***** Source material
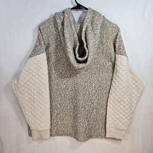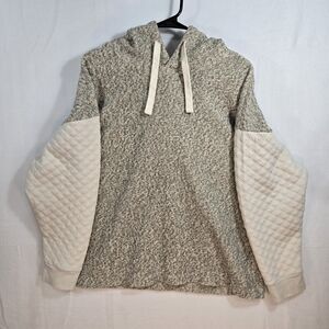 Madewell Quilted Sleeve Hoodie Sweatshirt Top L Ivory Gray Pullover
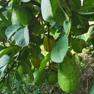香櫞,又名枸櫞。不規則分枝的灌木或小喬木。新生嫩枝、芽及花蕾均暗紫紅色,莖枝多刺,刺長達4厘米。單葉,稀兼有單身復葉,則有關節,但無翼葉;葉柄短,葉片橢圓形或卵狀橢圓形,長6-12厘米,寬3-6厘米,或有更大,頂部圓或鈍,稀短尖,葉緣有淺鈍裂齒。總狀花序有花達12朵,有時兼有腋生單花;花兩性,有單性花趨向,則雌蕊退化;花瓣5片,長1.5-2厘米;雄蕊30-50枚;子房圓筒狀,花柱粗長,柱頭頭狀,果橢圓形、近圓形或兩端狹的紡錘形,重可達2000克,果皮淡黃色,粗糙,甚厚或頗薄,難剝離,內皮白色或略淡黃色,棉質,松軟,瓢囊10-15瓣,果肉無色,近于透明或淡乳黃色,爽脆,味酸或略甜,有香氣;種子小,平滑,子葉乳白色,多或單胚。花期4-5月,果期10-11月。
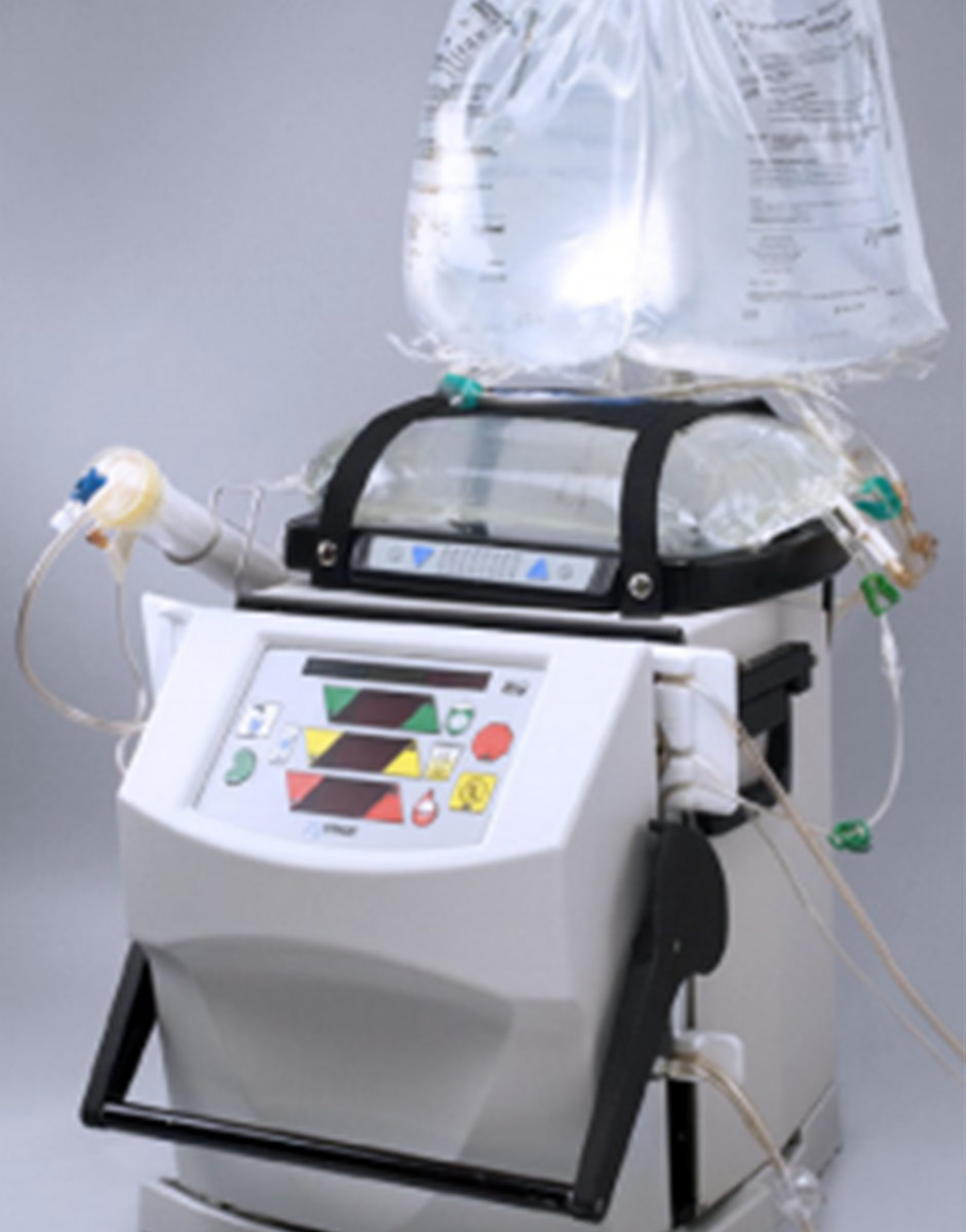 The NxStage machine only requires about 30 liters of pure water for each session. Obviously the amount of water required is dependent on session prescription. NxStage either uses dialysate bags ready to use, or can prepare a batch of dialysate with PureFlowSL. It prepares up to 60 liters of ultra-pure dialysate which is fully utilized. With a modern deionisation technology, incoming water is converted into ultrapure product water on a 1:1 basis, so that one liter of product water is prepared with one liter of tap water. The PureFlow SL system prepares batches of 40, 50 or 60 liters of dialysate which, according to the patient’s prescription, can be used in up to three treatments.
**********
◆ **Your task**:
Starting at the line that contains "香櫞,又名枸櫞。不規則分枝的", output every line through the end of the data, both ends included, and nothing else; pictures stay out.

◆ **Expected output**:
香櫞,又名枸櫞。不規則分枝的灌木或小喬木。新生嫩枝、芽及花蕾均暗紫紅色,莖枝多刺,刺長達4厘米。單葉,稀兼有單身復葉,則有關節,但無翼葉;葉柄短,葉片橢圓形或卵狀橢圓形,長6-12厘米,寬3-6厘米,或有更大,頂部圓或鈍,稀短尖,葉緣有淺鈍裂齒。總狀花序有花達12朵,有時兼有腋生單花;花兩性,有單性花趨向,則雌蕊退化;花瓣5片,長1.5-2厘米;雄蕊30-50枚;子房圓筒狀,花柱粗長,柱頭頭狀,果橢圓形、近圓形或兩端狹的紡錘形,重可達2000克,果皮淡黃色,粗糙,甚厚或頗薄,難剝離,內皮白色或略淡黃色,棉質,松軟,瓢囊10-15瓣,果肉無色,近于透明或淡乳黃色,爽脆,味酸或略甜,有香氣;種子小,平滑,子葉乳白色,多或單胚。花期4-5月,果期10-11月。
 The NxStage machine only requires about 30 liters of pure water for each session. Obviously the amount of water required is dependent on session prescription. NxStage either uses dialysate bags ready to use, or can prepare a batch of dialysate with PureFlowSL. It prepares up to 60 liters of ultra-pure dialysate which is fully utilized. With a modern deionisation technology, incoming water is converted into ultrapure product water on a 1:1 basis, so that one liter of product water is prepared with one liter of tap water. The PureFlow SL system prepares batches of 40, 50 or 60 liters of dialysate which, according to the patient’s prescription, can be used in up to three treatments.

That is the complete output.